What kinds of content models (as regex) do users of conventional schema languages use?

Posted on July 25, 2018 by Rick Jelliffe

I really enjoyed the paper from IDEAS 2018 Practical Study of Deterministic Regular Expressions from Large-scale XML and Schema Data by Li, Chu, Mou, Dong, Chen.

My interest comes from my attempts years ago to make an XSD-to-Schematron translator, sponsered by JSTOR. It worked as far as it went, and fortunately there were numerous edge cases of XSD that we did not have to support. The code is still up on GitHub schematron site. In particular, the thing I was concerned about was that, while we can validate the children of an element by making a list of tokens of the element names and validating against a regex generated from the content model, that method doesn’t allow good individual diagnostics: you just get yes/no for validity, which kinda defeats the purpose of validation. (I am looking forward to reading Michael Kay’s paper this year on how he has recently implemented XSD in XSLT.)

So what I wanted to do was to break up the content model into pairs where a ::= (b,c |d) would be
<rule context="a/b">
<assert test="following-sibling::*[1][self::c or self::d]"> In an "a", a "b" should be followed by a "c" or "d"</assert>
</rule>

Now that would be fine for content models where an identifier only was used once (i.e not a:”= (b,b|c|d) ), which is called a Single Occurrence Regular Expression (SORE). (Actually, it would also work if each separate occurrence was the same, i.e. a::=b+ or a::=b,c,b,c) And my problem was this: how many content models were SORE or some sub-or-superclas of SORE; if almost were, then converting the content model to pairwise tests would work well: a non-SORE content model would have the unattractive regex validation to fall back on; but if few were, you would just get a horrid binary validator.

So the Li et al paper is interesting because it sucks up a large number of grammar-based schemas on the internet and checks them for their regex class. It shows what you might expect: the models XSD schemas rarely use anything more than SOREs (99.6%), the RELAX NG do quite a bit (96.2%), while (surprising) it is common in DTDs (93.4%). This suggests that in fact the pairwise implementation of XSD-to-Schematron (or XSD to XSLT) would be entirely satisfactory, as a heuristic.

In fact, most of these non-SOREs are just 1-OREs, which suggests that a small amount context might help. For example, a::=(b, (c|d), e, (b|c)) would be two patterns, one with@context a/b[not(preceding-sibling::c)]and the other a/b[preceding-sibling::c]

The paper counts lots of other subclasses of SORE, which are interesting too. The open question is to what extent the differences are attributeable to schema language capability, developer approach or insight, ease of tools, or relate to the data domain itself (if you are serializing out a database row, of course your content model will be SORE!)

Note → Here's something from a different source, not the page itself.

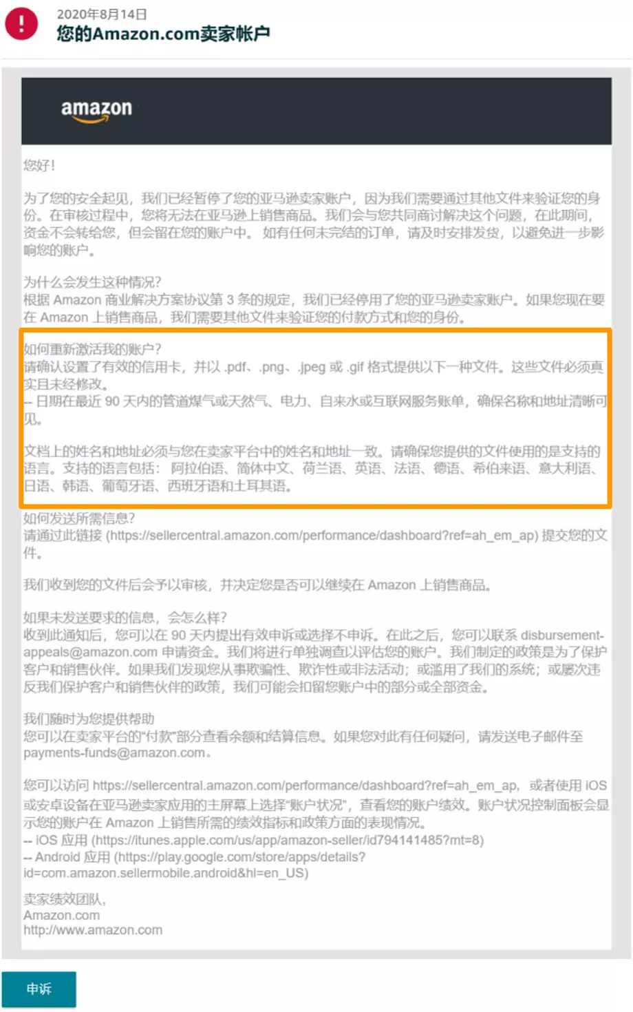 如果在未超过五个工作日内重复提交文档,或将您的申诉由其他渠道发送至亚马逊,亚马逊有可能将您的多次重复申诉识别为垃圾邮件而延迟对您的回复

The other point in the paper is they make a SchemaRank index, where they work out the schemas with the largest number of instances on the WWW. (Of course, the largest corpus of XML d7uments are not on the internet, such as LexisNexis or the other big legal companies, so it is skewed to public data.) What are the most referenced schemas?

HL7 health
Netex public transport information
OMG Clinical decision support vocabulary
Amazon base
GML
Cafe con leche’s bible schema got into the top 10, suggesting the SchemaRank is not particularly useful (not because the Bible or schema are not useful, of course, but because it shows that documents that use schemas are usually in small specialized domains, as you would expect.)